Sports Simulation Database

Monkey Forums/Monkey Programming/Sports Simulation Database

Afrobear(Posted 2015) [#1]
I want to make a sports sim game and I've been wondering how I should make the database for it.

Let's say the game's gonna have 20.000+ players, 500+ teams, etc, etc.

What's the "best" way to do this?

I thought of making arrays for each of their stats, like:

PlayerName[]
PlayerAge[]
etc..

PlayerName[0] would save the name of player of ID 0, PlayerAge[0] would save his age. PlayerName[116] would save ID 116 player's name, and so on...

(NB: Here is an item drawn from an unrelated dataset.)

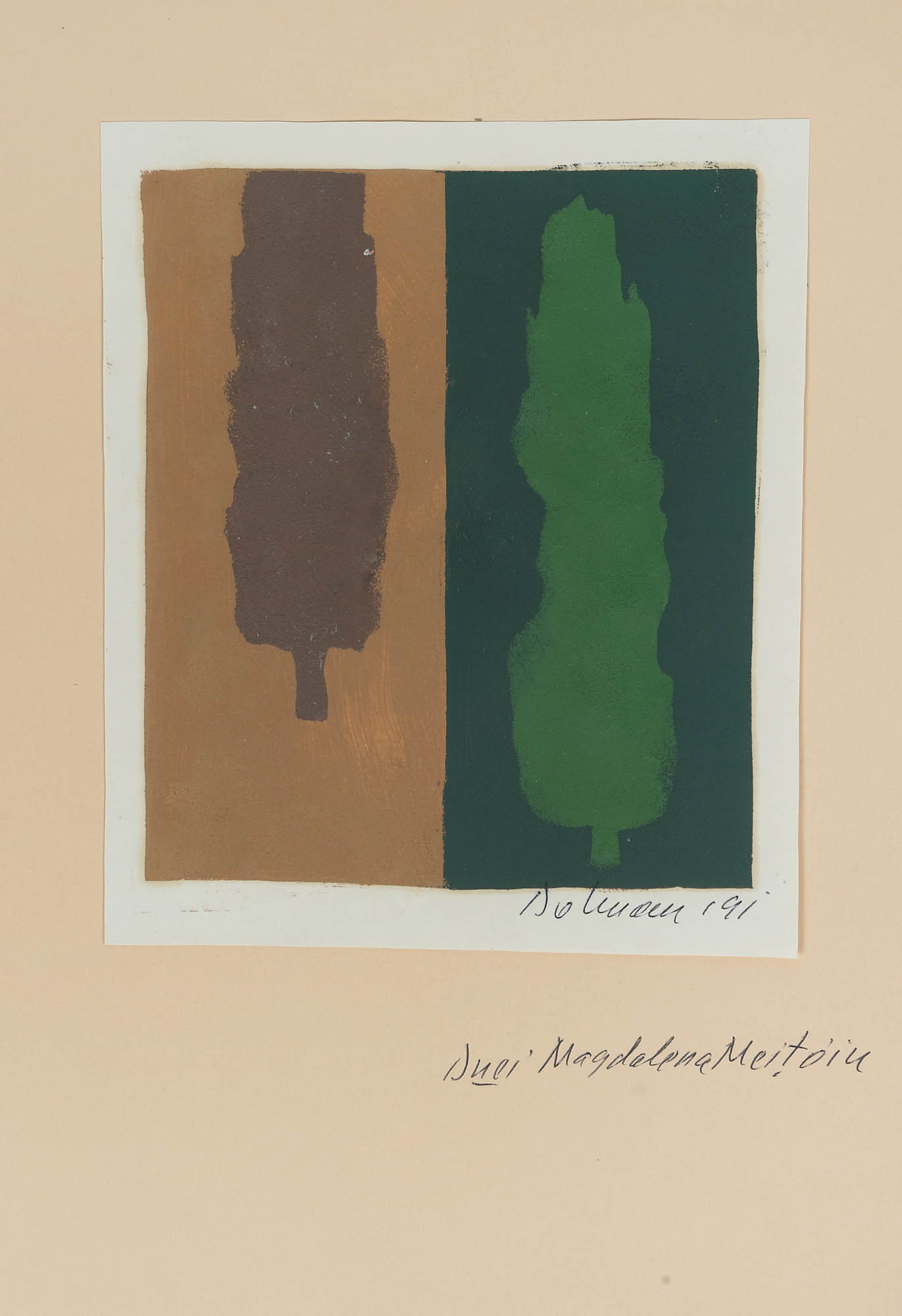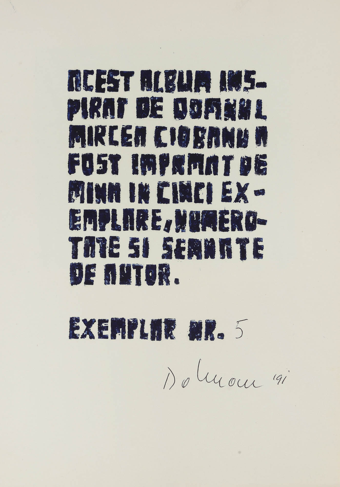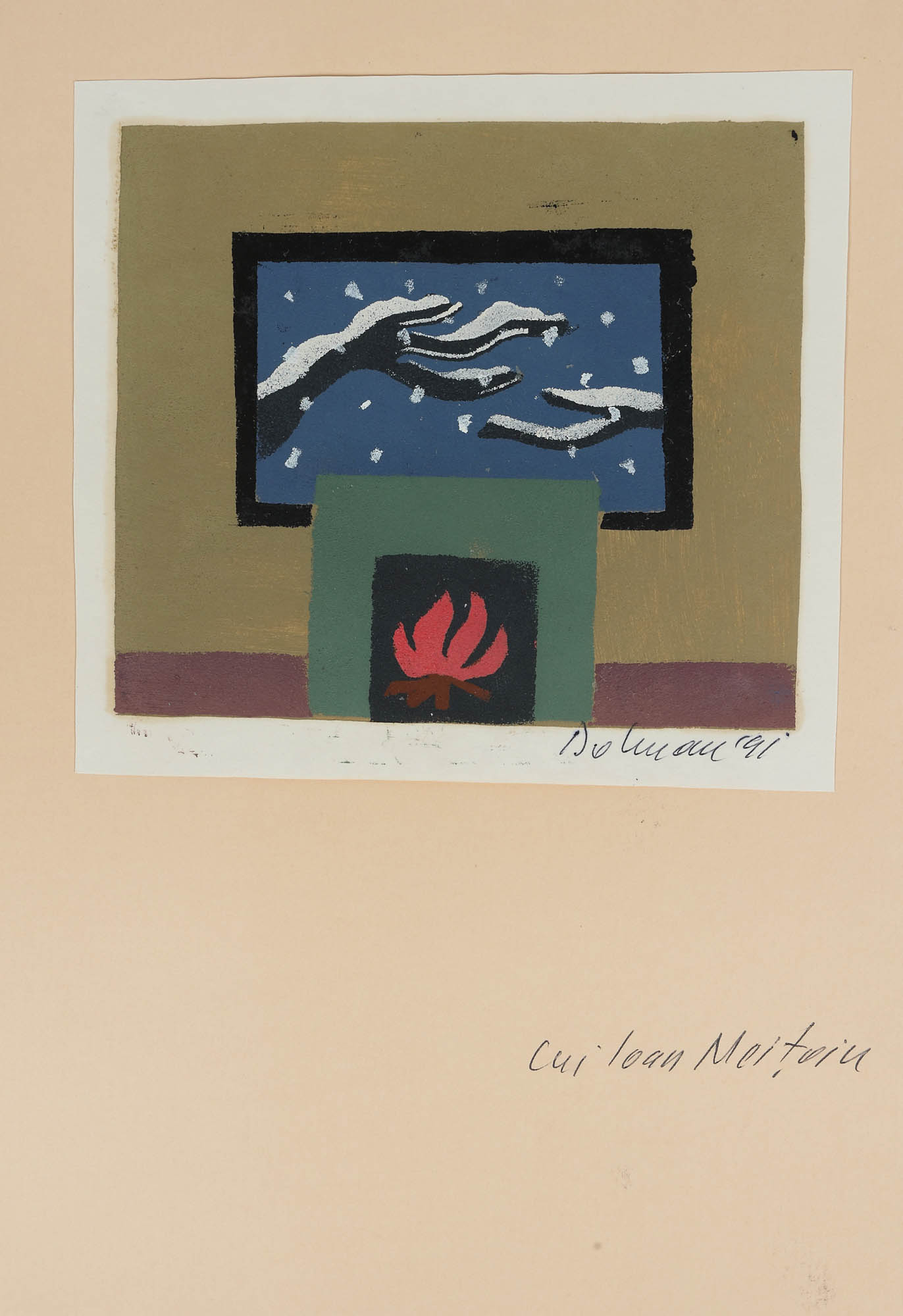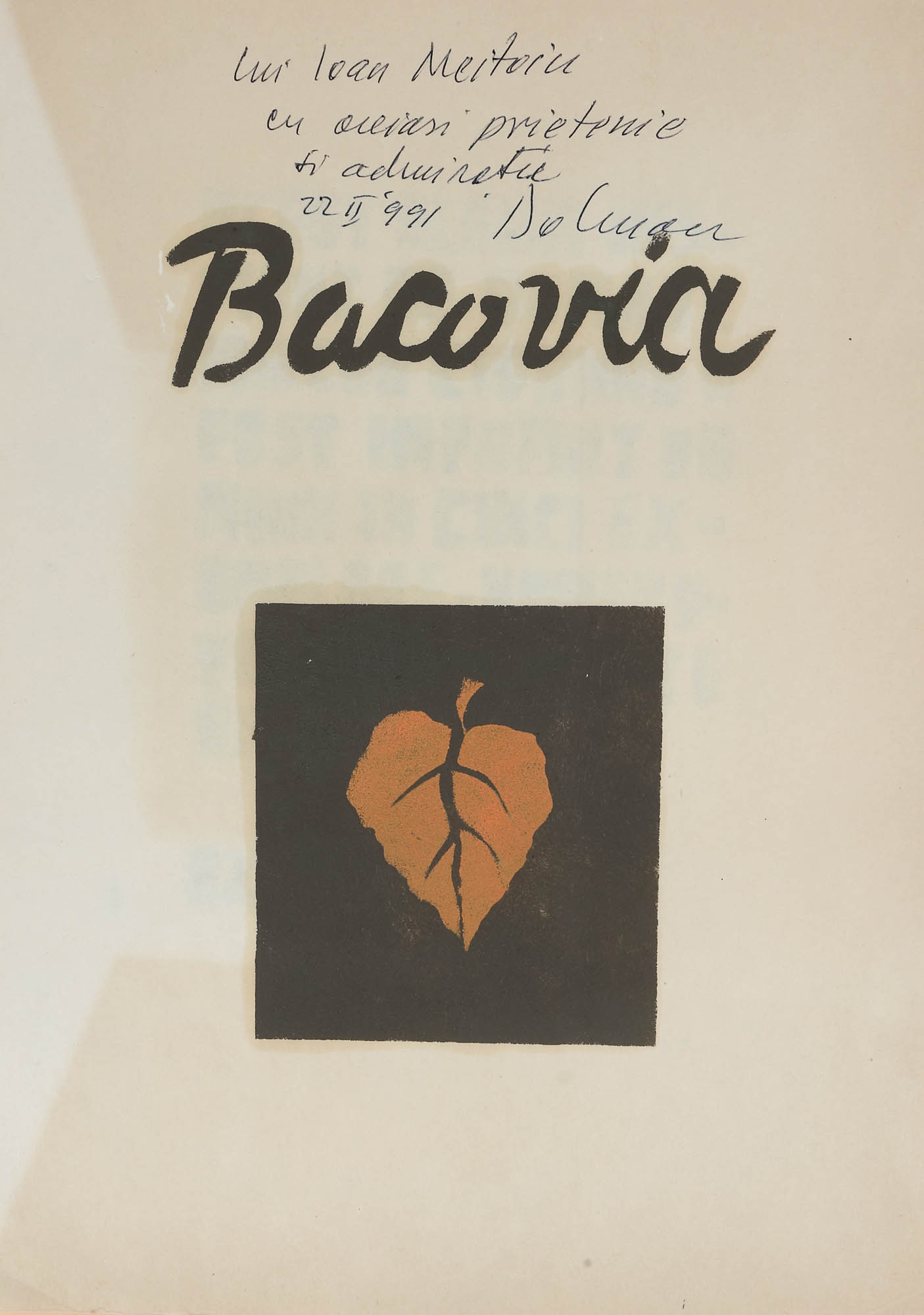 91. Mapă ”Bacovia”, de Vasile Dobrian, 1991, cu 8 gravuri originale, dedicația și semnătura olografă a autorului către poetul Ioan Meițoiu, piesă foarte rară

I don't think objects would be a reasonable way so I kinda discarded it.

Or saving stuff to a txt would be better? Would be more complex and accessing it would be slower but wouldn't waste so much memory.

Waiting for your opinions... Thanks! :)


muddy_shoes(Posted 2015) [#2]
There is no general best way. What suits your game for in-memory and storage structure will depend on the platforms you target and your query pattern. The most flexible approach is probably to use something like SQLite and create in-memory caches for the most frequent accesses. That could well be over-engineered if you have simple access requirements though.


nullterm(Posted 2015) [#3]
Depends how much each player takes.

If a player is 100 bytes, then you could keep everything in memory (100 x 20,000 = 2 megs).

If a player is 10,000 bytes (200 meg total), then you'll need to keep everything on disk and only read in relevant players in a memory cache like muddy_shoes said.

Objects might be fine. I'd go that route. Really there's two paths (http://stackoverflow.com/questions/17924705/structure-of-arrays-vs-array-of-structures-in-cuda):

Arrays of Structures:
players:Player[]

Structure of Arrays:
playerName:String[]
playerAge:Int[]

I'd prefer AoS. And (if a large db) just load/cache only players being "used" by the simulation.

SoA makes more sense if you are doing super hardcore highly optimized operations across all players (like averaging all the ages of all players).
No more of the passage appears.